What is needed: Where the lines below hold images, skip those and copy every word exactly.

Input data:
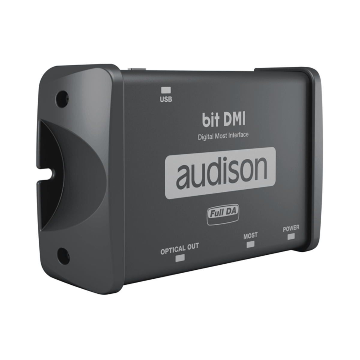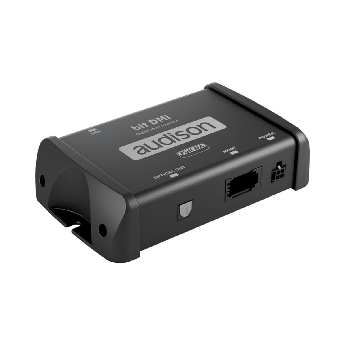 bit DMI is a digital interface for MOST systems, providing the ability to connect the Audison bit processors and the Audison amplifiers, equipped with digital input, to OEM multimedia systems in cars featuring the MOST technology based on optical fibre. Thanks to the digital connection, the signal can be transmitted without loss of quality, keeping the audio controls built in the OEM head unit – such as volume, balance and tone controls- as well as the hands-free kit, navigation system and parking sensors alerts unaltered.
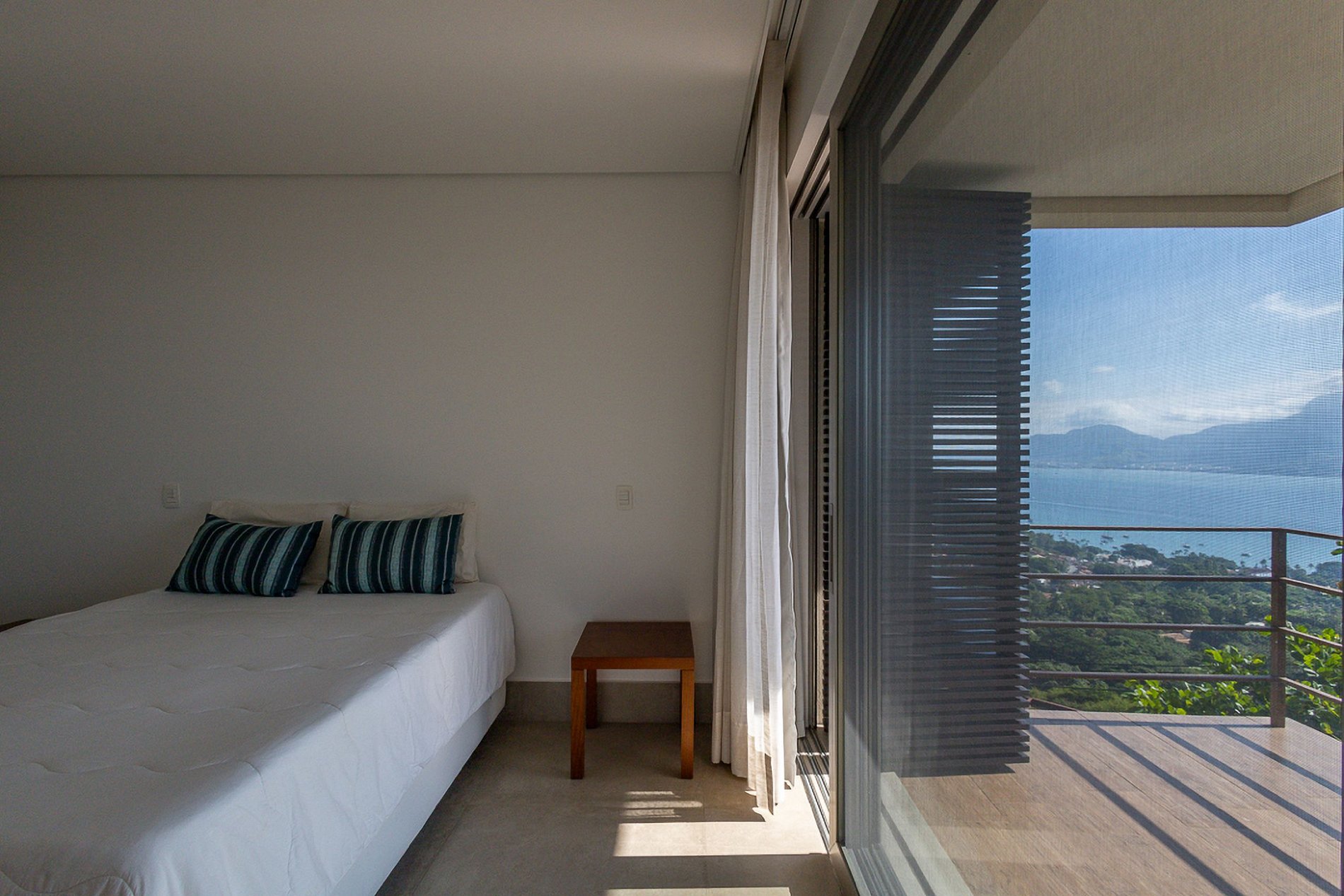 Todos os quartos oferecem privacidade e uma decoração que complementa a beleza natural ao redor.
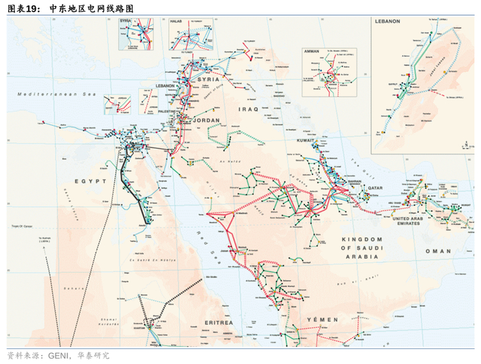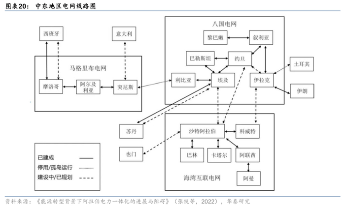 中东分为三个次区域电网,互联互通水平较低。阿拉伯地区现存三个相互独立的次区域电网。1)马格里布电网连接北非三国,采用欧洲ENTSO-E的技术标准,与欧洲国家存在互联线路;2)八国电网由埃及、伊拉克、约旦、叙利亚和土耳其于1988年发起创立,后扩大到利比亚、黎巴嫩和巴勒斯坦,1996年八国就区域电力贸易达成了基本的操作规范;3)海湾互联电网连接海合会六个成员国,其一体化水平在区域内最高——2001年六国成立海合会互联互通管理局,专门负责区域电力一体化,2009年六国实现全面的电网互联,设置互联控制中心,并达成《区域电网总协定》、《电力交易协定》,2018年启动建设海合会电力市场系统,探索建设电力实时交易市场。总体而言,海湾互联电网互联程度相对较高,但马格里布电网与八国电网的电力互联主要用于双边临时性的、一次性的电力互助,互联程度很低。

Final answer:
 bit DMI is a digital interface for MOST systems, providing the ability to connect the Audison bit processors and the Audison amplifiers, equipped with digital input, to OEM multimedia systems in cars featuring the MOST technology based on optical fibre. Thanks to the digital connection, the signal can be transmitted without loss of quality, keeping the audio controls built in the OEM head unit – such as volume, balance and tone controls- as well as the hands-free kit, navigation system and parking sensors alerts unaltered.
 Todos os quartos oferecem privacidade e uma decoração que complementa a beleza natural ao redor.
 中东分为三个次区域电网,互联互通水平较低。阿拉伯地区现存三个相互独立的次区域电网。1)马格里布电网连接北非三国,采用欧洲ENTSO-E的技术标准,与欧洲国家存在互联线路;2)八国电网由埃及、伊拉克、约旦、叙利亚和土耳其于1988年发起创立,后扩大到利比亚、黎巴嫩和巴勒斯坦,1996年八国就区域电力贸易达成了基本的操作规范;3)海湾互联电网连接海合会六个成员国,其一体化水平在区域内最高——2001年六国成立海合会互联互通管理局,专门负责区域电力一体化,2009年六国实现全面的电网互联,设置互联控制中心,并达成《区域电网总协定》、《电力交易协定》,2018年启动建设海合会电力市场系统,探索建设电力实时交易市场。总体而言,海湾互联电网互联程度相对较高,但马格里布电网与八国电网的电力互联主要用于双边临时性的、一次性的电力互助,互联程度很低。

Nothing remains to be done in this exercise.